> Problem requirements
Could you print exactly the lines of the listing below, starting at the line that has "The Rabbit Fur" and ending at the line that has "- Đầu đọc thẻ", and only those lines?

━━━ Input records

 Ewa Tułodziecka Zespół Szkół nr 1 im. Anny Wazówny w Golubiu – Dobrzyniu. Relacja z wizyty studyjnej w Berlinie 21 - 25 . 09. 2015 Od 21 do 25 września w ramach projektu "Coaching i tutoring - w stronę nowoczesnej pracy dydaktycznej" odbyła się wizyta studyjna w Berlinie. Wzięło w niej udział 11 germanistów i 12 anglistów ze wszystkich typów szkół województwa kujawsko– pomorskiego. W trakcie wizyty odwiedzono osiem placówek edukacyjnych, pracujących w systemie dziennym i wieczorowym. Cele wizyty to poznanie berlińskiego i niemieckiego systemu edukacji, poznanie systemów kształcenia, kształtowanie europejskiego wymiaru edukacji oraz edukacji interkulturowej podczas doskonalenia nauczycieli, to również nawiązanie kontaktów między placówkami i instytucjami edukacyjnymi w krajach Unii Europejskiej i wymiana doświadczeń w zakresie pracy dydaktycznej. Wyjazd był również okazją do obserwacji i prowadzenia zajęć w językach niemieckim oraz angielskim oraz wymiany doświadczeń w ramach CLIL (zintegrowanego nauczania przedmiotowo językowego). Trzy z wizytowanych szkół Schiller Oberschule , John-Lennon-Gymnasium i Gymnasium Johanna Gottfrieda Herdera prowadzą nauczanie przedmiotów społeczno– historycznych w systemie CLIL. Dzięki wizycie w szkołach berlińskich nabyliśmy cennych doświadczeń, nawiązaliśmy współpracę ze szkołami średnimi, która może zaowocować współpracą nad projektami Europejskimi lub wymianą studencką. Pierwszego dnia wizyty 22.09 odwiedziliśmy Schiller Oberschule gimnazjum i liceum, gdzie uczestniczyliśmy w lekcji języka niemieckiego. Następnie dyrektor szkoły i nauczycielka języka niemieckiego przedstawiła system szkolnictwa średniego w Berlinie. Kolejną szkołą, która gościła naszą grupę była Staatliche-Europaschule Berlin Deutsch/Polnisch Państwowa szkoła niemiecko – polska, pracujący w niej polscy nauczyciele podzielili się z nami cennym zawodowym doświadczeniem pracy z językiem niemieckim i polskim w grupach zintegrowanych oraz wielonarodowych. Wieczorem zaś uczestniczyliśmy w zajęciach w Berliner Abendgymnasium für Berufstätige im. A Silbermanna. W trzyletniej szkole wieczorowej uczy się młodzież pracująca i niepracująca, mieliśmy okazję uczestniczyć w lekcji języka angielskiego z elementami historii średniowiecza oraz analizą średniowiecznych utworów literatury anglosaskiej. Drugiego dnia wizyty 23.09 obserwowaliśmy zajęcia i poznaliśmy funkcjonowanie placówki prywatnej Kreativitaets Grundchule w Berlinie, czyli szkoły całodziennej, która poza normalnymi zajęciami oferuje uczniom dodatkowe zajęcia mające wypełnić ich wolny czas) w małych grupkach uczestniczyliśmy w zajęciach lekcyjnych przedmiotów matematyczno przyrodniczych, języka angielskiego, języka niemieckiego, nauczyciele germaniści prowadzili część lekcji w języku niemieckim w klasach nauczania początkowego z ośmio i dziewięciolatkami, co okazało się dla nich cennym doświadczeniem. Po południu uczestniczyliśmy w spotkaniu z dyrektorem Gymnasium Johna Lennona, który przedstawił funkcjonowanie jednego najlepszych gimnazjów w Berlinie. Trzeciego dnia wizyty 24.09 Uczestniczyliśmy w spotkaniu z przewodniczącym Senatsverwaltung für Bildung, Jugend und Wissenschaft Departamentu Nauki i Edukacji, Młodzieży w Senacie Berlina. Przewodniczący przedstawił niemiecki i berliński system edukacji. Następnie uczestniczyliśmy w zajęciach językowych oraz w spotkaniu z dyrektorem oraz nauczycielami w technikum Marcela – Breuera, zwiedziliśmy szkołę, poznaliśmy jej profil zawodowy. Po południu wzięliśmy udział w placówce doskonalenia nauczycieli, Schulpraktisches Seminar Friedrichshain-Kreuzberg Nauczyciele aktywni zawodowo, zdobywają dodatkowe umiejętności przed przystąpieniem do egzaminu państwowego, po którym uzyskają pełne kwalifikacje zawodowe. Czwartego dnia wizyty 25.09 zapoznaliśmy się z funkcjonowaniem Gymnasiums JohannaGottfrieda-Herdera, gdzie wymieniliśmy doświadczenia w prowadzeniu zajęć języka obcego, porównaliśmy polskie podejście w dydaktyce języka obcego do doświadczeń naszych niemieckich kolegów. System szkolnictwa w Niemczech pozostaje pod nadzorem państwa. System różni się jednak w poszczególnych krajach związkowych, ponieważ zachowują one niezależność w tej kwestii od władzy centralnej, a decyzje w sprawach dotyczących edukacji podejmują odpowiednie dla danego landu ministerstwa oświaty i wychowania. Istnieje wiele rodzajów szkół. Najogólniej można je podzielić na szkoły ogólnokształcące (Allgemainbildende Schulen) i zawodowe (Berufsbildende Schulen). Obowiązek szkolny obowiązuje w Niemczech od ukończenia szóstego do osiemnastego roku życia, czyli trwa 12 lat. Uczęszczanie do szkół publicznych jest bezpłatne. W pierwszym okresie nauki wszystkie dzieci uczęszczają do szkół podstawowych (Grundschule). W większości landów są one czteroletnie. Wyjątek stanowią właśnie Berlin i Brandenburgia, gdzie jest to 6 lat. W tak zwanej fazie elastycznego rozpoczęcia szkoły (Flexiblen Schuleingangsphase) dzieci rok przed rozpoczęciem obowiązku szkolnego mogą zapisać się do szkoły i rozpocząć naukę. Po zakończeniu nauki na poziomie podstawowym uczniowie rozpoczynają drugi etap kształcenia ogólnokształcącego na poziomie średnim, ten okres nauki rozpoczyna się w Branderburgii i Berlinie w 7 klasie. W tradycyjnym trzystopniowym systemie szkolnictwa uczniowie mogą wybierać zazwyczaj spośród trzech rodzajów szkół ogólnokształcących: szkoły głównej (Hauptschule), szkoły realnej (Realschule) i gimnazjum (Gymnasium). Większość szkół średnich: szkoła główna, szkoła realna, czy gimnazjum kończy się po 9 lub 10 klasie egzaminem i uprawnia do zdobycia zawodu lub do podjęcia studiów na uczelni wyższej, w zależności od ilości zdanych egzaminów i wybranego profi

━━━━━━
━━━ Input records

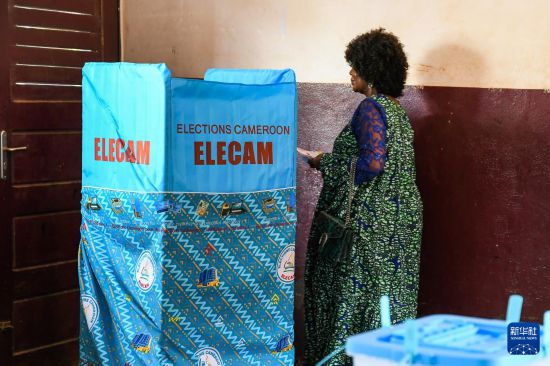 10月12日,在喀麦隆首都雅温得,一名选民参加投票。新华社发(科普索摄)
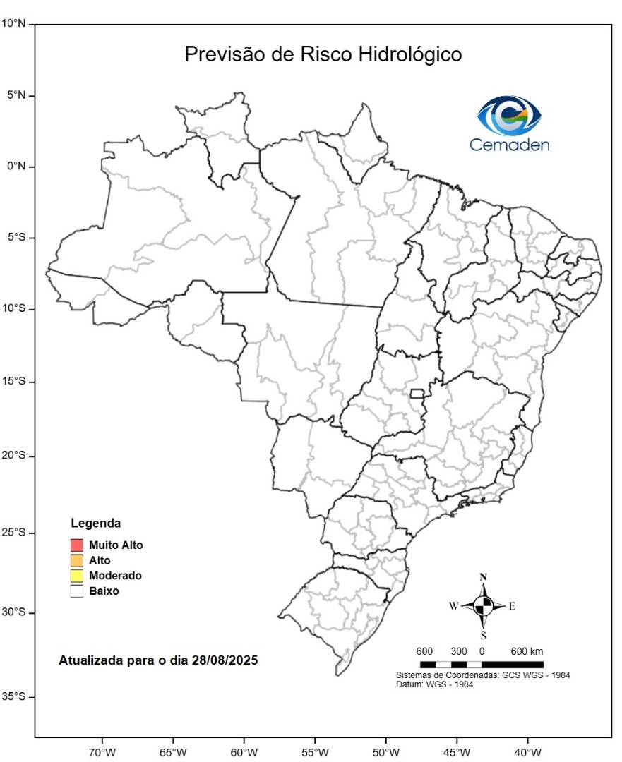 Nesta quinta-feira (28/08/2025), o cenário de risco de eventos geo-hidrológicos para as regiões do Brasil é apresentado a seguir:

━━━━━━
━━━ Input records

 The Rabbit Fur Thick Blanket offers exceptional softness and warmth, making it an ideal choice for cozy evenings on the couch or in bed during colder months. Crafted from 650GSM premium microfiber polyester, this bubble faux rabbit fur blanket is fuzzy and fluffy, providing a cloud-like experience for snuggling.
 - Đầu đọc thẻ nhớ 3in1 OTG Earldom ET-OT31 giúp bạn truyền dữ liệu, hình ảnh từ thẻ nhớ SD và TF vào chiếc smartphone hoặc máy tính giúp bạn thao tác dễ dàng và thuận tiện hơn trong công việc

━━━━━━

> Output of the exercise
 The Rabbit Fur Thick Blanket offers exceptional softness and warmth, making it an ideal choice for cozy evenings on the couch or in bed during colder months. Crafted from 650GSM premium microfiber polyester, this bubble faux rabbit fur blanket is fuzzy and fluffy, providing a cloud-like experience for snuggling.
 - Đầu đọc thẻ nhớ 3in1 OTG Earldom ET-OT31 giúp bạn truyền dữ liệu, hình ảnh từ thẻ nhớ SD và TF vào chiếc smartphone hoặc máy tính giúp bạn thao tác dễ dàng và thuận tiện hơn trong công việc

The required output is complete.